### WHAT THE TASK ASKS
In the entries below, find each line with the string "nicht" and copy it.
▶
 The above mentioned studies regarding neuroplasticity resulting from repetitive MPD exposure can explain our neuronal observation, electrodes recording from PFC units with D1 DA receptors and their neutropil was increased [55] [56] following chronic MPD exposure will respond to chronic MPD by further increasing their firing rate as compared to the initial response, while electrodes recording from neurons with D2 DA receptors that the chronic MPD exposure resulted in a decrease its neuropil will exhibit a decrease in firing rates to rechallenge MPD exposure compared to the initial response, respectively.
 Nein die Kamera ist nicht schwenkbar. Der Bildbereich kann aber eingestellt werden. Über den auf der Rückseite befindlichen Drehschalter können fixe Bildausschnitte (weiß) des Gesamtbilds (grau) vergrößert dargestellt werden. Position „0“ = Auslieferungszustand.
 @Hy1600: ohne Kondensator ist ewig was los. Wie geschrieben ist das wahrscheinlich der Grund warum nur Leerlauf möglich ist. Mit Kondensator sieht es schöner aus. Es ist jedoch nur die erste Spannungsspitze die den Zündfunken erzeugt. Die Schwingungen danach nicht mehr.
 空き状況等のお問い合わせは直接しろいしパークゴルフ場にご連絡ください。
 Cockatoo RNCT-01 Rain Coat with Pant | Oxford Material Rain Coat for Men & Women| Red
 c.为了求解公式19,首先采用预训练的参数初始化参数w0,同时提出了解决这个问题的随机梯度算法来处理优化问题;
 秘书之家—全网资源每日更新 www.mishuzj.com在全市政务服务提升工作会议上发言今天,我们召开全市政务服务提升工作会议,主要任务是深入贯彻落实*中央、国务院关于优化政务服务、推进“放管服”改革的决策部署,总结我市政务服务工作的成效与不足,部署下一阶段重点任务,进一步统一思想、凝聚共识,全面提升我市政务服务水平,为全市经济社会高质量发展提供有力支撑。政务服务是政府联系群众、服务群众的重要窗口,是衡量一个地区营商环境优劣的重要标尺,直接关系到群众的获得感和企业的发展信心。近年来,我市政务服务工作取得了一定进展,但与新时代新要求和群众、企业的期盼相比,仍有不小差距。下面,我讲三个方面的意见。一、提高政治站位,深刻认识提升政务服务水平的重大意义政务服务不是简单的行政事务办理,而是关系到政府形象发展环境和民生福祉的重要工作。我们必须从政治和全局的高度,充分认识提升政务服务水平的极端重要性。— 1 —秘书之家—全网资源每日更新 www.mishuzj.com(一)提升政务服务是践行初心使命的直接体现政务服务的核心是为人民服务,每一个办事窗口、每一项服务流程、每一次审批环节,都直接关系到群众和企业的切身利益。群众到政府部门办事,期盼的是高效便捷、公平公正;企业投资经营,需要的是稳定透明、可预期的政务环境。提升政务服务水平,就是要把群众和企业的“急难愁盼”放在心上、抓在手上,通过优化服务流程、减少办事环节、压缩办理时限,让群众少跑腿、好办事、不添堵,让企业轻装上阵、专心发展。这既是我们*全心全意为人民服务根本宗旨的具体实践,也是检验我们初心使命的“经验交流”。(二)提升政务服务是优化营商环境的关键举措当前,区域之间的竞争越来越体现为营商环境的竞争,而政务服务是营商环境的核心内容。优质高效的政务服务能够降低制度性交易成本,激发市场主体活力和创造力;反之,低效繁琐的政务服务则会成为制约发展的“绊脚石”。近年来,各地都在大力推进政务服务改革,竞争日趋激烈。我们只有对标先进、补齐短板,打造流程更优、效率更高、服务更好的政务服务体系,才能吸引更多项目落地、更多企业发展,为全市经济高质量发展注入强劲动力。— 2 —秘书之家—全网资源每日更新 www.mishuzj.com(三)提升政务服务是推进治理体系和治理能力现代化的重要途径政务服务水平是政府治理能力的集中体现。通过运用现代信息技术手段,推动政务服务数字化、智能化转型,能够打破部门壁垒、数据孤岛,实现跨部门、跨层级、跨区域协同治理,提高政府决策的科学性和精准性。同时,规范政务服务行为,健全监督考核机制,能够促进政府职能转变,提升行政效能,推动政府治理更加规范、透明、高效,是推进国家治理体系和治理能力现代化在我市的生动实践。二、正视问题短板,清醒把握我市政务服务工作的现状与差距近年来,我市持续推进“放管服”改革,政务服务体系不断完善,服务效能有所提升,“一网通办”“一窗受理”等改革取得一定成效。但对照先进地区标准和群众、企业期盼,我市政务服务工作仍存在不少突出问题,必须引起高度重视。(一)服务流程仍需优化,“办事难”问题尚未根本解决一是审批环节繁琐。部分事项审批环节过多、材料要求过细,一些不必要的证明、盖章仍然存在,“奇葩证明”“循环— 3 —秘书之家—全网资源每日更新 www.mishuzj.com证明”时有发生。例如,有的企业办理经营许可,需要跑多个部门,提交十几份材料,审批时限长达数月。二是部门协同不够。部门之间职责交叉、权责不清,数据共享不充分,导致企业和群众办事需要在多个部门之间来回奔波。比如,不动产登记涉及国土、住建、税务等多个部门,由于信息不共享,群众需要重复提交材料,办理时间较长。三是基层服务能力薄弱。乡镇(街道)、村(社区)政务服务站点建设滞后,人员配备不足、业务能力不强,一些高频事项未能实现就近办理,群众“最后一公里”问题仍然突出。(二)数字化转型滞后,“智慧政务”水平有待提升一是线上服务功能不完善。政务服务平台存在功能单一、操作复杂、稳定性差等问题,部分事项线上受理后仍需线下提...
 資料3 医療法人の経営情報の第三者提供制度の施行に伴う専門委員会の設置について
◀
### PROBLEM SOLUTION
 Nein die Kamera ist nicht schwenkbar. Der Bildbereich kann aber eingestellt werden. Über den auf der Rückseite befindlichen Drehschalter können fixe Bildausschnitte (weiß) des Gesamtbilds (grau) vergrößert dargestellt werden. Position „0“ = Auslieferungszustand.
 @Hy1600: ohne Kondensator ist ewig was los. Wie geschrieben ist das wahrscheinlich der Grund warum nur Leerlauf möglich ist. Mit Kondensator sieht es schöner aus. Es ist jedoch nur die erste Spannungsspitze die den Zündfunken erzeugt. Die Schwingungen danach nicht mehr.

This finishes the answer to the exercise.